When breakpoint is hit just do F11. Wow!! Now we are inside MsgBox and can step through it to see how it works.
Known issues, FAQ
1) Accessing remote symbols is not very fast. This causes delays in VS when sources are fetched. Even with caching enabled in some scenarios VS checks whether information is current. You may get around this by going to Tools -> Options -> Debugging -> Symbols configuration and unchecking “Search the above locations when symbols are loaded manually” checkbox and then debug you project. It may take some time to load all sources (including various .Net libraries) in this configuration (often more than 50Mb will be loaded). After VS finished loading, go back to Tools -> Options -> Debugging -> Symbols and check the “Search the above locations…” checkbox and hit OK. This will prevent the debugger from connecting to the server when you do not want it.

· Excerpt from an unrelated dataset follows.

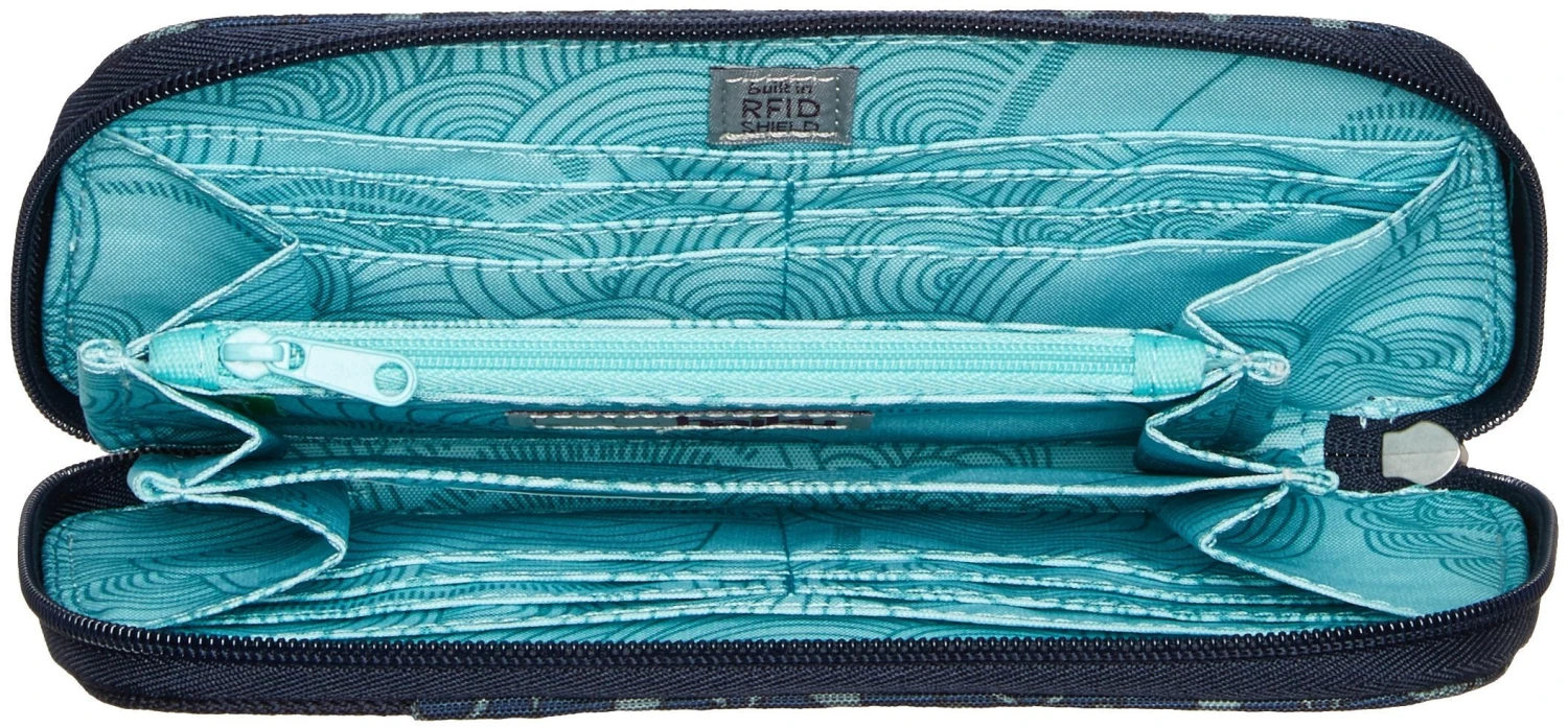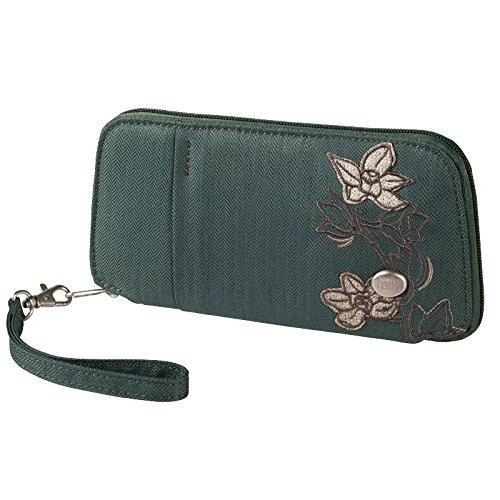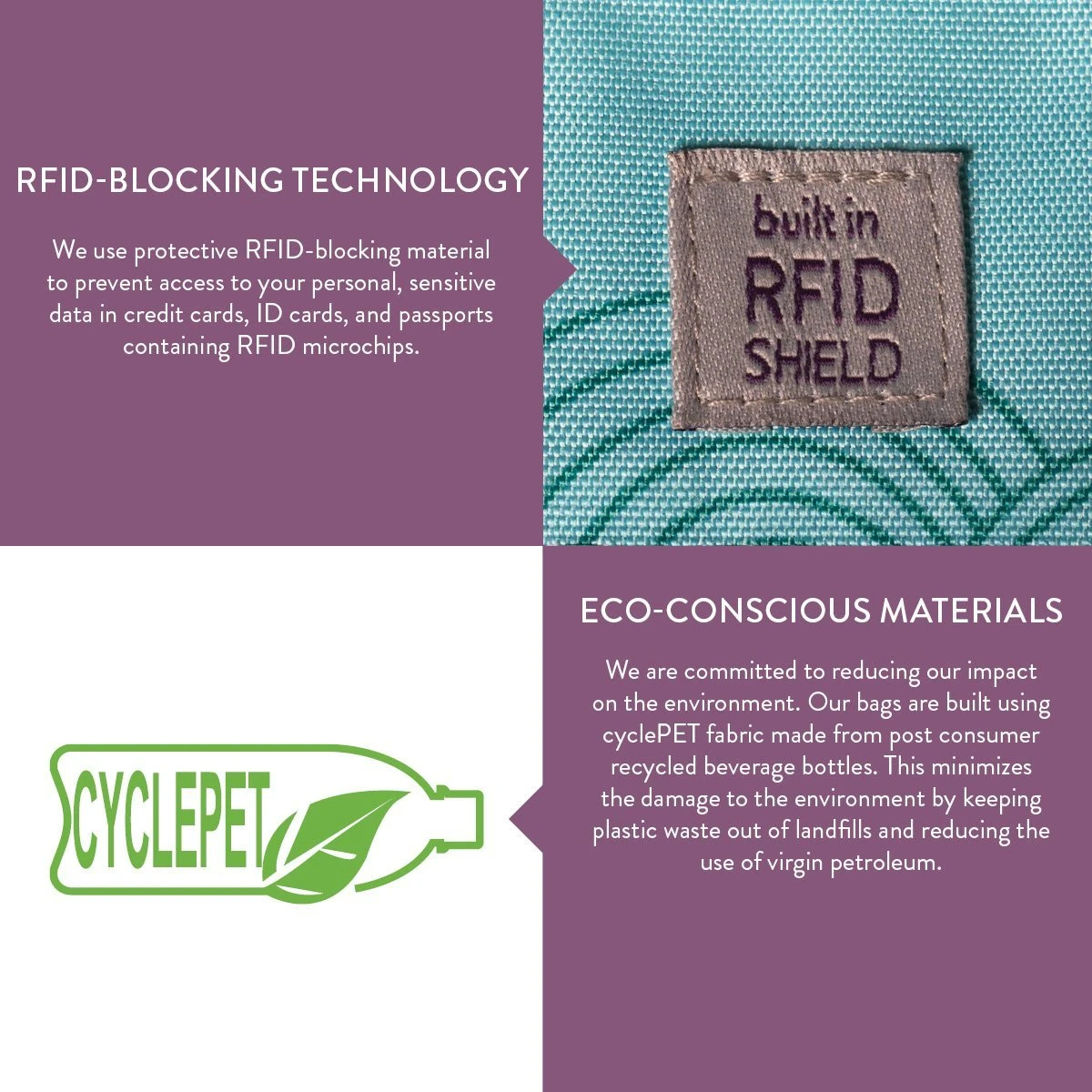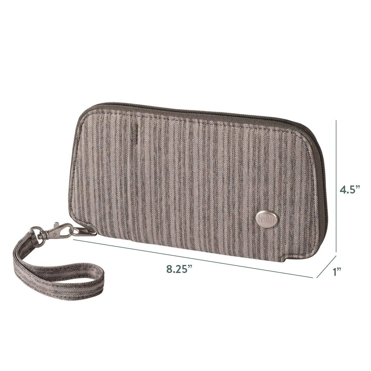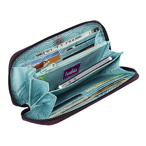 Water resistant lining and coating. Secure zip closure. Protective RFID blocking technology. 12+ card slots & zip coin pocket. Detachable wrist strap.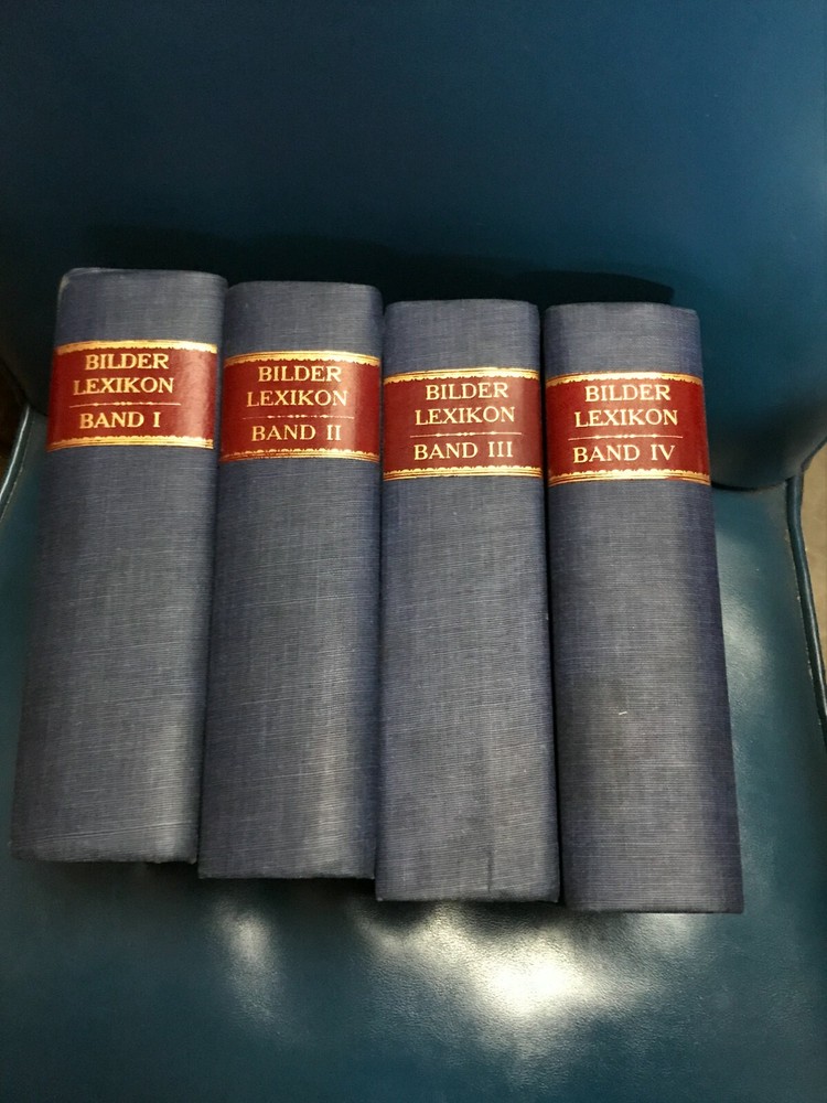 UP FOR SALE IS Bilder-Lexikon Kulturgeschichte 1928 4 VOLUME SET!!!! A GREAT ADDITION TO ANY COLLECTION. THIS BOOK IS PRE OWNED BUT IN GOOD CONDITION. PLEASE SEE ALL PICTURES FOR CONDITION. SLIGHT ODOR FROM STORAGE. HAS WRITING ON INSIDE & BACK COVER AS SHOWN. WILL BE SHIPPED USPS MEDIA MAIL. FEEL FREE TO MESSAGE WITH ANY QUESTIONS!!!!

2) Sometimes you may notice that some variables or methods are not available. The reason for this is that you are using Retail/Optimized version. One result of the retail optimizations is that certain information is not available or “inlined”. You will still have the source information, but you may not be able to access the data or set breakpoints. For the most part however everything should be normal.
3) Will this work with VB Express?
No. This functionality relies on some VisualStudio components that Express versions do not have.